Friday, March 11, 2016

Polish hostages murdered

"On this date in 1941, the Germans occupying Poland took revenge for the loss of an artist.

"Handsome Austrian-born silver screen luminary Igo Sym, whose silent film credits included roles opposite Marlene Dietrich and Lillian Harvey, had become a prominent fixture of the Warsaw stage when the Germans overran Poland in 1939.

"Sym collaborated with the German occupation: he worked manicured hand in glove with the Gestapo, even helping to entrap a former co-star.
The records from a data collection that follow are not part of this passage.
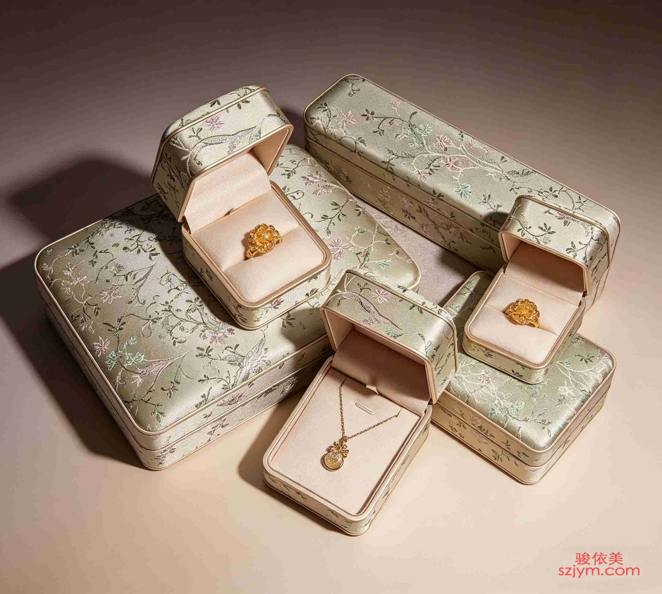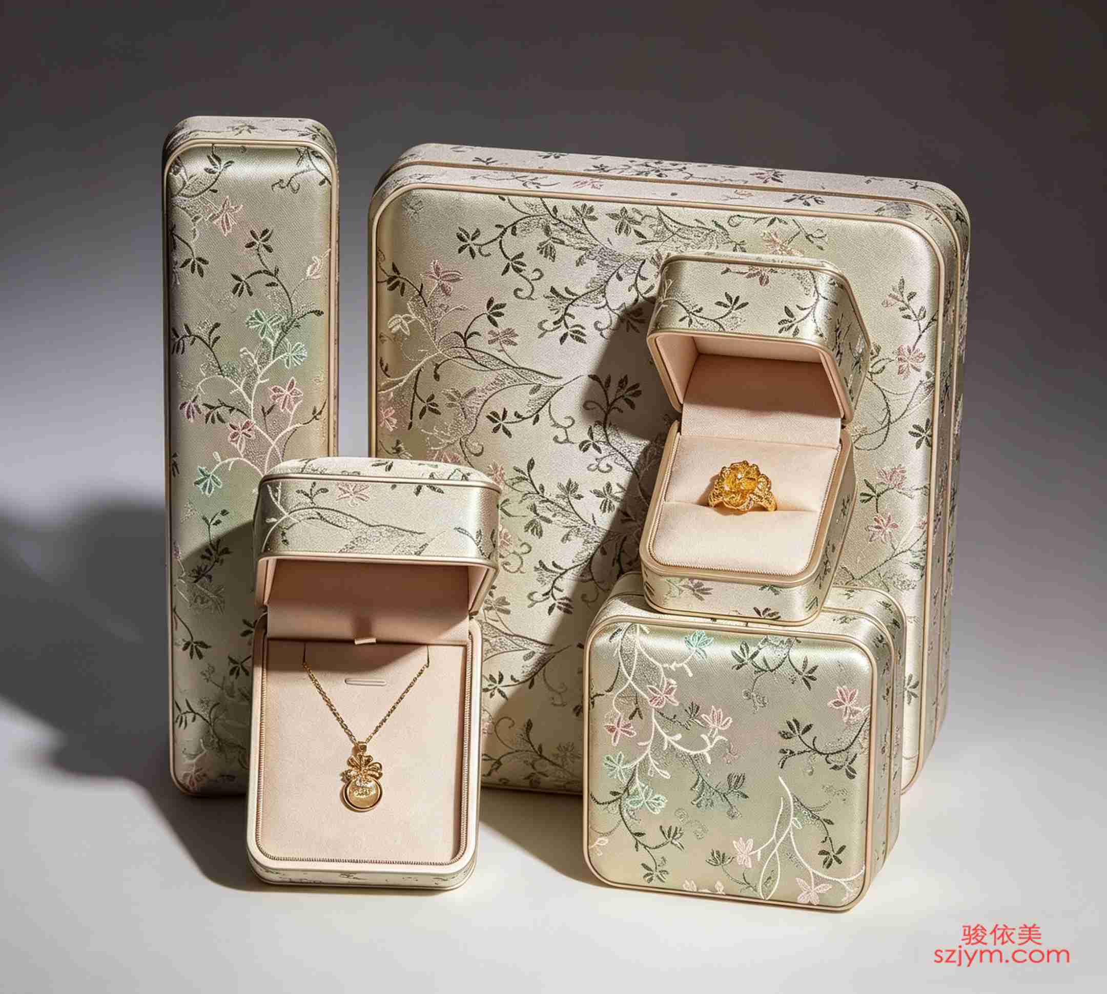 米金底色提花织锦珠宝盒五件套,以素雅灰绿枝蔓与淡彩花卉为纹样,融合宋韵美学与现代轻奢;外层高密度硬质纸覆真丝感提花面料,内衬柔雾粉金丝绒+精准卡位。含长条项链盒、大号套装盒、单戒盒、吊坠盒及方型收纳盒,磁吸静音开合,边角包金加固。专为新中式珠宝、高端伴手礼及品牌限量系列定制,支持烫金/刺绣LOGO与内托模塑。
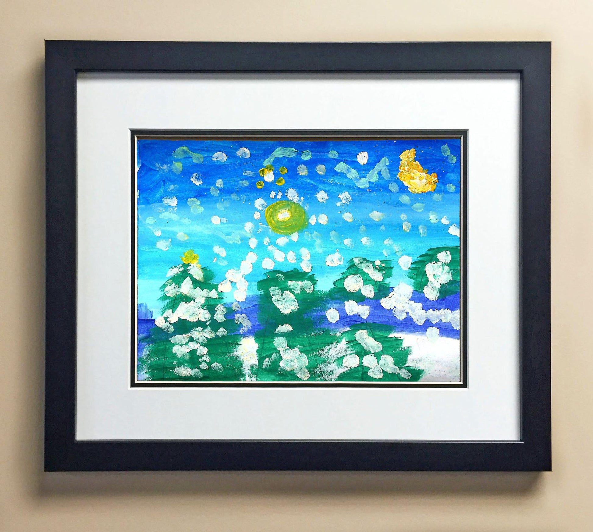 Included with the purchase is the Students Artwork, Frame, double matboard, shatter proof plexiglass, and a ready to hang backerboard with turnbuttons
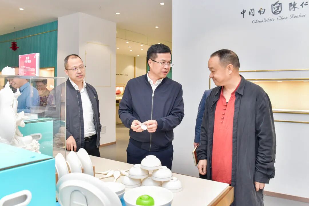 在中國白陶瓷公司,吳志樸與企業(yè)負責人親切交流,詳細了解企業(yè)第四季度生產(chǎn)經(jīng)營情況,以及大師產(chǎn)品創(chuàng)新、市場營銷與文化推廣等內(nèi)容。
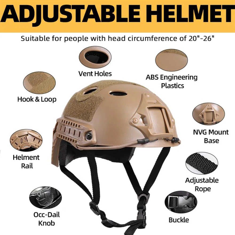 Casco táctico ajustable: hecho de material plástico de ingeniería ABS de 3,5 mm, liviano y resistente, el peso es de 1,6 libras, adecuado para un uso prolongado, adecuado para una circunferencia de cabeza de 20,2 a 26 pulgadas.
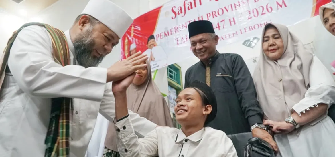 Indonesiaraja.com, Bengkulu - Safari Ramadan Pemerintah Provinsi Bengkulu kembali menyapa masyarakat Kabupaten Lebong. Kali ini, Gubernur Bengkulu, Helmi Hasan, melaksanakan Safari Ramadan di Masjid Al Amin, Desa Sukabumi, Kecamatan Lebong Sakti, Jumat (27/2).
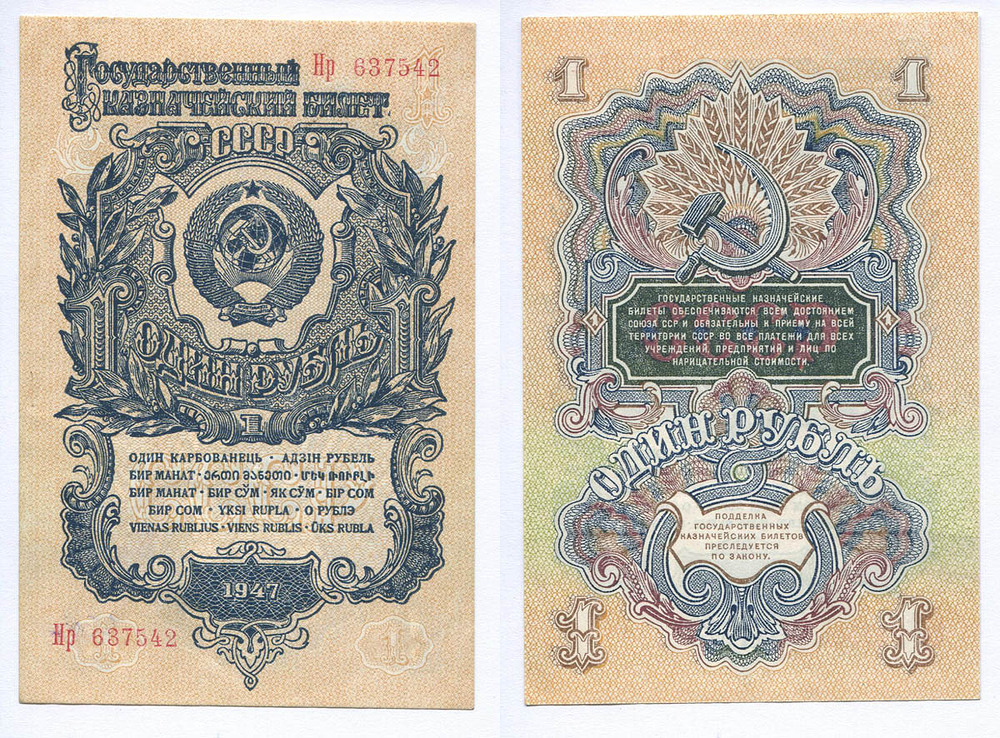 Государственный казначейский билет СССР. 1 руб. 1947 г. АА № U6.1 Нр 637542

"This attracted the hostility of the Polish underground, which secretly condemned him to death — and executed that sentence on the morning of March 7, 1941, with a knock at Sym’s apartment door and a sudden 9 mm pistol.

"In punishment for this gesture of national defiance, all of Warsaw was clapped under a harsh curfew and dozens of hostages seized as surety for the public’s promptly rendering the actor’s murderers for punishment. But the assassins were not so delivered: in revenge, the Germans executed 21 hostages at the nearby village of Palmiry.* Two University of Warsaw professors were among those hostages, biologist Stefan Kopec and historian Kazimierz Zakrzewski."

* Palmiry had the sorrow to host numerous similar mass-executions during the German occupation of Warsaw. Over 2,000 bodies have been recovered from the site.